1 - A DGE dispõe das receitas provenientes de dotações que lhe forem atribuídas no Orçamento do Estado.

2 - A DGE dispõe ainda das seguintes receitas próprias:

a) As quantias cobradas pela prestação de serviços no âmbito das suas atribuições;

b) O produto de venda de publicações e de materiais pedagógicos e didácticos;

c) Os subsídios, subvenções e comparticipações de entidades públicas e privadas;

d) Quaisquer receitas que por Lei, contrato ou outro título lhe sejam atribuídas.

3 - As quantias cobradas pela DGE são fixadas e periodicamente actualizadas por despacho dos membros do Governo responsáveis pelas áreas das finanças e da educação e ciência, tendo em atenção os meios humanos e materiais mobilizados em cada caso, podendo ainda ser tidos em conta os custos indirectos de funcionamento.

Artigo 7.º

Despesas

Constituem despesas da DGE as que resultem de encargos decorrentes da prossecução das atribuições que lhe estão cometidas.

Artigo 8.º

Mapa de cargos de direcção

Os lugares de direcção superior de 1.º e 2.º graus e de direcção intermédia de 1.º grau constam do mapa anexo ao presente Decreto-Lei, do qual faz parte integrante.

Artigo 9.º

Estatuto remuneratório dos chefes de equipas multidisciplinares

Aos chefes de equipas multidisciplinares é atribuído o estatuto remuneratório equiparado a dirigente intermédio do 1.º ou 2.º graus.

Artigo 10.º

Sucessão

A DGE sucede nas atribuições da Direcção-Geral de Inovação e Desenvolvimento Curricular e do Gabinete Coordenador de Segurança Escolar.

Artigo 11.º

Critérios de selecção de pessoal

São fixados como critérios gerais e abstractos de selecção do pessoal necessário à prossecução das atribuições da DGE o desempenho de funções na Direcção-Geral de Inovação e Desenvolvimento Curricular e no Gabinete Coordenador de Segurança Escolar, directamente relacionadas com as atribuições transferidas ou em áreas de apoio correspondentes às existentes na DGE.

Artigo 12.º

Norma revogatória

São revogados:

a) Os artigos 1.º a 5.º, 9.º a 15.º e 17.º do Decreto-Lei n.º 117/2009, de 18 de Maio;

b) O Decreto Regulamentar n.º 29/2007, de 29 de Março.

Artigo 13.º

Entrada em vigor

O presente Decreto-Lei entra em vigor no 1.º dia do mês seguinte ao da sua publicação.
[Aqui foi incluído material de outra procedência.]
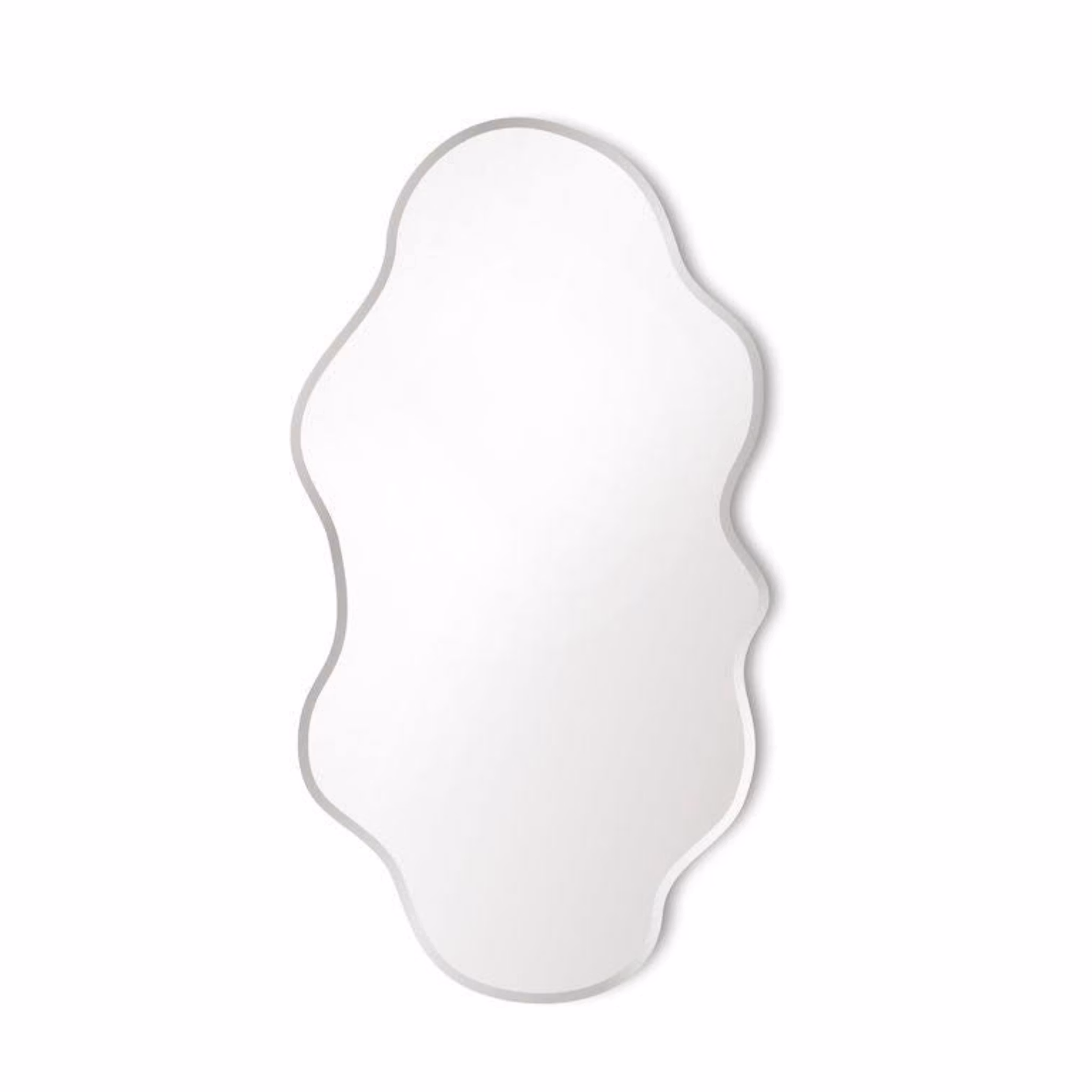 En fantasifull spegel med organiska former som leker med beskådaren på ett förförande sätt. Lika fin liggande som stående, ensam som i par. Spegelglas med fasade kanter. Finns i två storlekar.
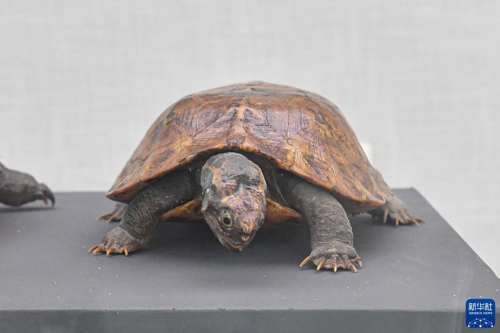 这是在鹦哥岭动植物博物馆拍摄的锯缘闭壳龟标本(9月29日摄)。
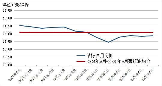图5. 2024年9月-2025年9月菜籽油价格走势
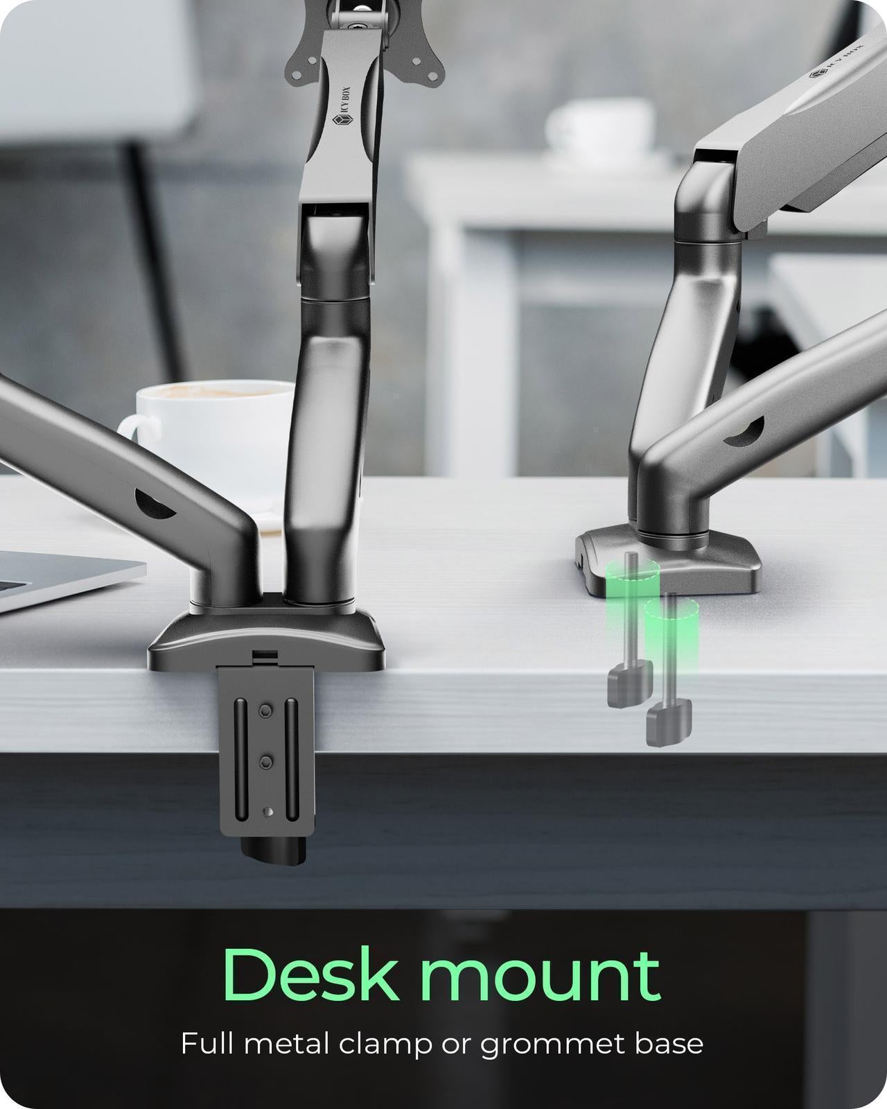 Desk Mount - The dual monitor mount features a full metal clamp or grommet base for secure attachment. Each arm supports monitors weighing up to 9 kg, ensuring stability and safety for your setup.
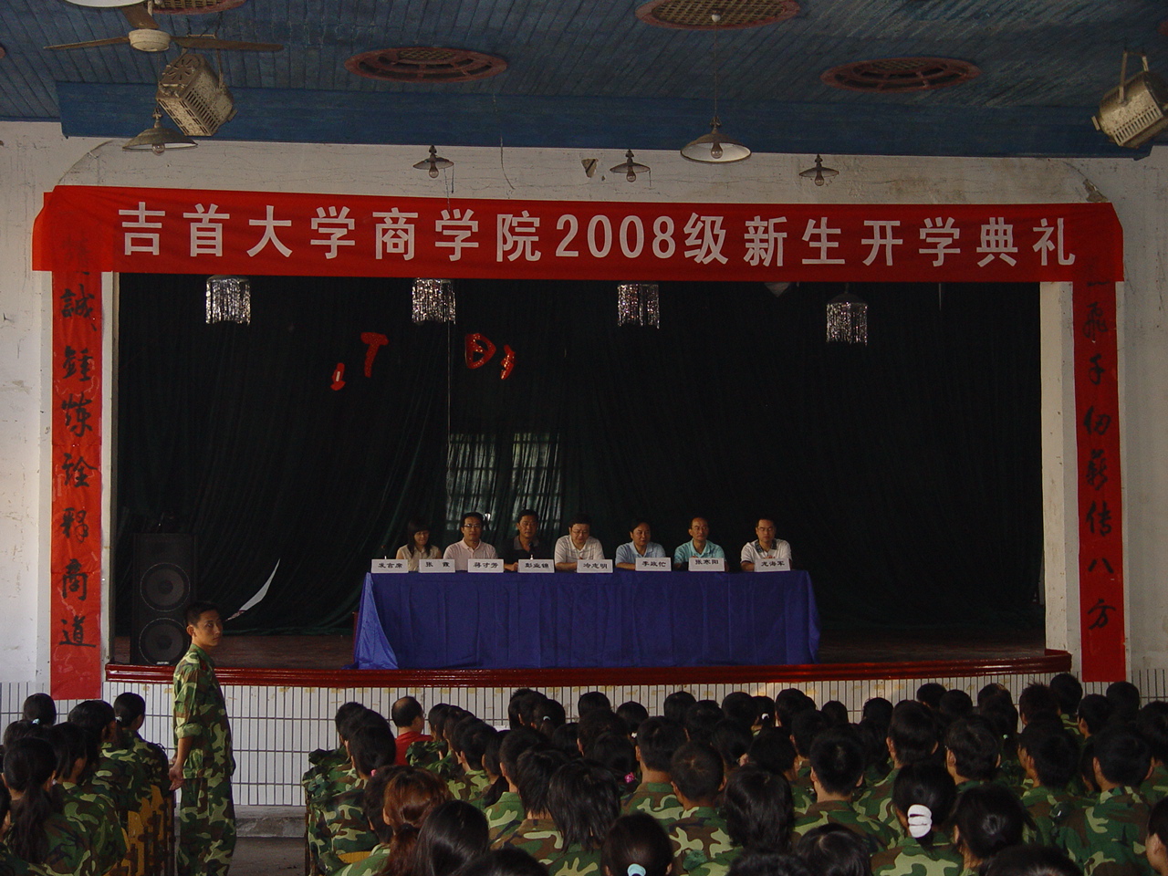 2008年9月13日上午,beat365在大田湾校区礼堂召开2008级本科新生开学典礼。院党总支副书记彭业锦主持大会,院长冷志明教授作了院情报告,副院长李政忙作入学教育,老师代表张霞、军训教官柴周兰、老生代表周雯琦、新生代表张雷先后发言。副院长蒋才芳及2008级各班主任参加了大会。随后专业负责人张寒阳、张霞、龙海军等老师分别给各专业新生进行了专业教育。
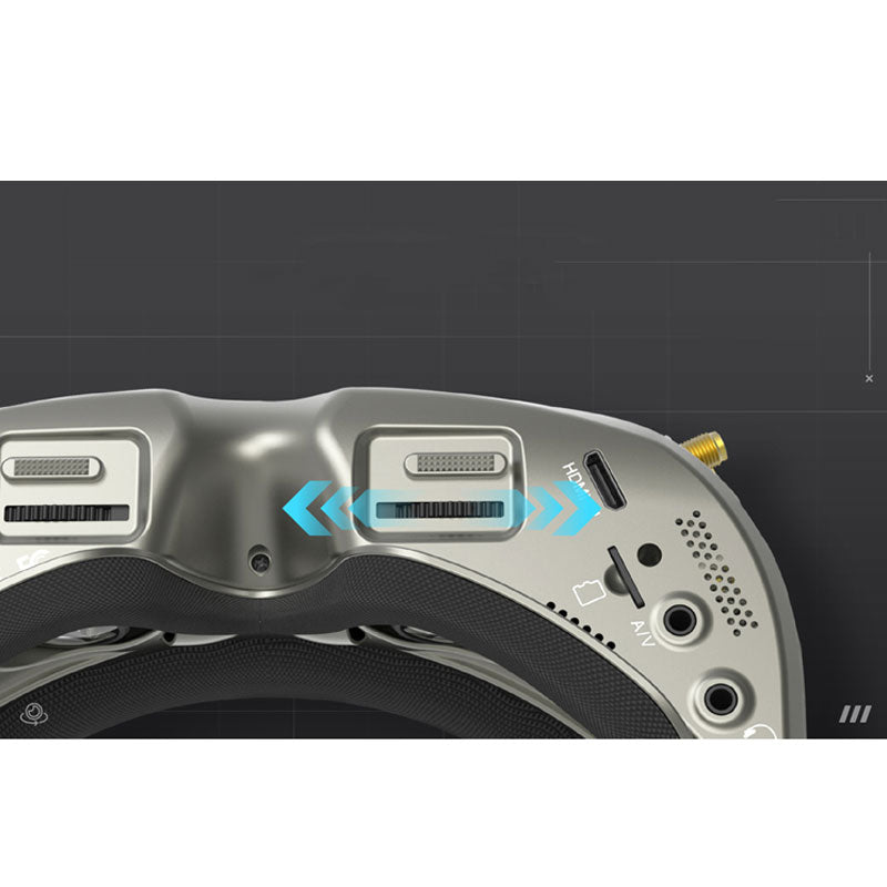 SKY04L is the LCOS version of SKY04 series products, binocular 5.8G wireless video glasses with 1280*960 high resolution LCOS display. The high-resolution display has bright colors and delicate display effects, allowing users to see more details in the flight experience. The fusion receiver for SteadyView that comes with the glasses combines the two video signals after processing, avoiding the screen tearing and flickering and rolling caused by the signal switching when the video transmission signal is weak in the traditional diversity receiver, making the image more vivid. More stable and clear in challenging environments. The newly designed optical part has a diopter adjustment function, and the 39° field of view brings a more immersive experience. The new UI system supports ten languages such as Chinese, with scroll wheels on both sides, avoiding cumbersome multiplexing of buttons, and the operation is simple and clear.
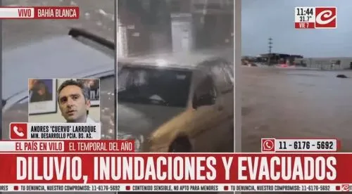 El ministro de Desarrollo de la Comunidad bonaerense, Andrés “Cuervo” Larroque, confirmó que desde la gestión de Axel Kicillof trabajan en coordinación con el Gobierno nacional para paliar las consecuencias del fuerte temporal y las inundaciones que afectan este viernes a la ciudad de Bahía Blanca y alrededores.
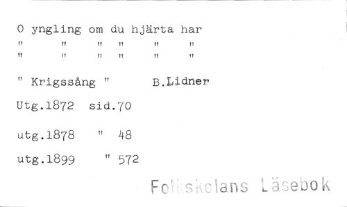 //// 0 yngling om du hjärta har //// it IT !I IT It //// T/ It tt tt tt //// " Krigssång " B.141.dner //// Utg.1872 sid.70 //// utg.1878 tt 48 //// utg.1899 572 ////
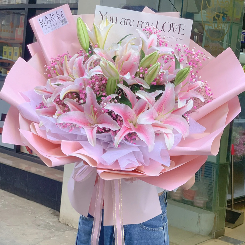 【琴瑟和鸣】7枝多头粉色香水百合,粉色满天星装饰。
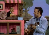 In the Neighborhood of Make-Believe, Handyman Negri moves through the Neighborhood playing his guitar and singing songs. After Corney joins him in singing I'm a Man Who Manufactures, Handyman Negri moves on to the tree where X the Owl teaches him the song from Owl Correspondence School. X receives a special delivery (by way of a floating red object) from the OCS which includes a tiny record and a book. The instructions explain that the record should be played as the book is read -- the first lesson in Owl Music History. The record features several examples of the sounds made by owls. Moving on to Daniel's clock, Handyman Negri finds that Daniel Striped Tiger has hung a sign that reads: "No Dogs Allowed. This means you, Bob Dog!" Daniel wonders whether or not Bob Dog is a tame animal. Back at the house, Mister Rogers suggests that Daniel's fear might be coming from the previous day when he scratched Handyman Negri: "Sometimes if you hurt somebody, you're afraid that other people might hurt you." Joe Negri stops by with a book Mister Rogers calls Investigating Science With Rubber Bands -- a book full of ways rubber bands can teach scientific lessons. In the kitchen, Mister Rogers uses rubber bands to make a homemade musical instrument. He concludes with a short animated film about a bouncing ball. NotesAfter Joe Negri stops by with the rubber band book, Mister Rogers asks viewers, "Remember that time we used rubber bands to make a bouncing ball?" This is in reference to Episode 1198. The bouncing ball animation is also seen in Episode 1264. Investigating Science With Rubber Bands is a book by Laurence B. White and is available for purchase on Amazon.com. Roger Tory Peterson's Field Guide to Bird Songs was used for the audio portion of X the Owl's OCS lesson and is available for purchase on Amazon.com. Appearing In This EpisodeSongs
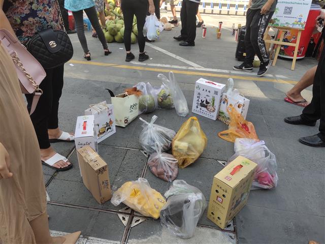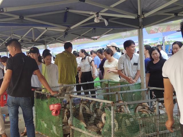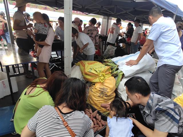 秉承精准扶贫、消费有情、大爱无疆的理念,遵循“爱心扶贫集市,小康路上同行”的活动主题,乐天城活动专场共设置了24个摊位,三亚各区的相关产业合作社、贫困户共携100多种农产品前往展销售卖,市民们纷纷献上爱心去选择购买,现场十分火爆。
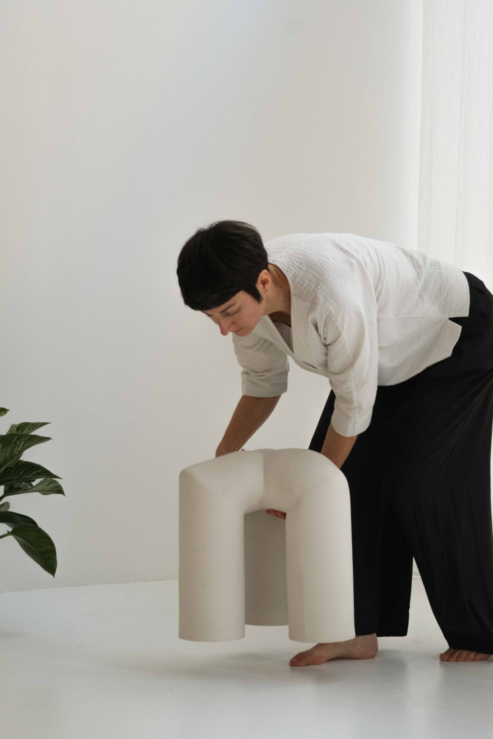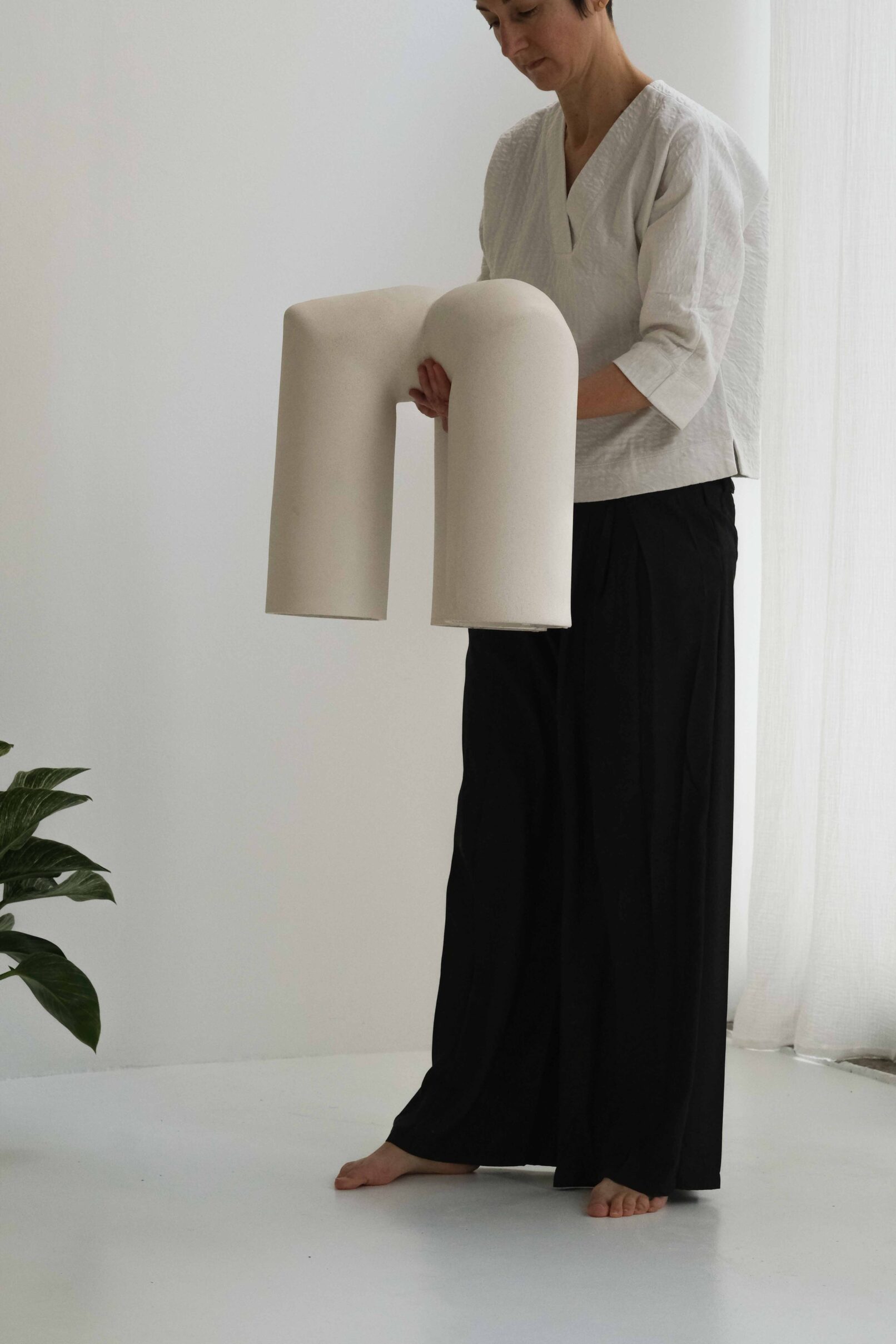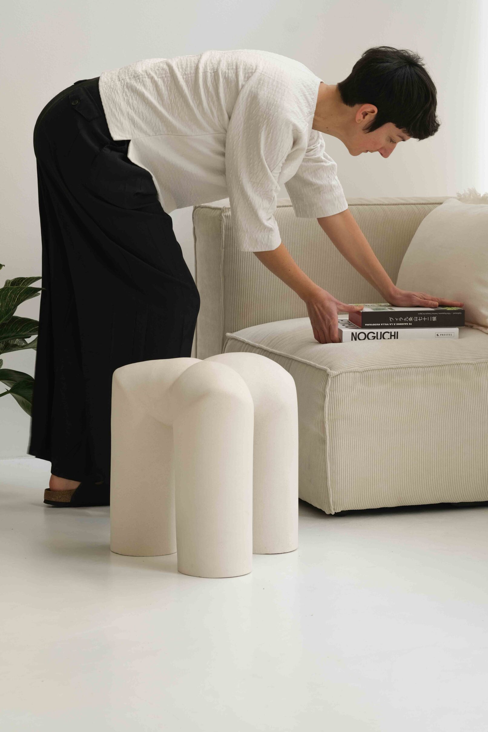 Tabouret sculpture en grès ivoire ou blanc, dimensions 40 x 36 x 36 cm, poids 12kg

Visto e aprovado em Conselho de Ministros de 22 de Dezembro de 2011. - Pedro Passos Coelho - Vítor Louçã Rabaça Gaspar - Nuno Paulo de Sousa Arrobas Crato.

Promulgado em 11 de Janeiro de 2012.

Publique-se.

O Presidente da República, Aníbal Cavaco Silva.

Referendado em 13 de Janeiro de 2012.

O Primeiro-Ministro, Pedro Passos Coelho.

ANEXO

(mapa a que se refere o artigo 8.º)

Mapa de pessoal dirigente

(ver documento original)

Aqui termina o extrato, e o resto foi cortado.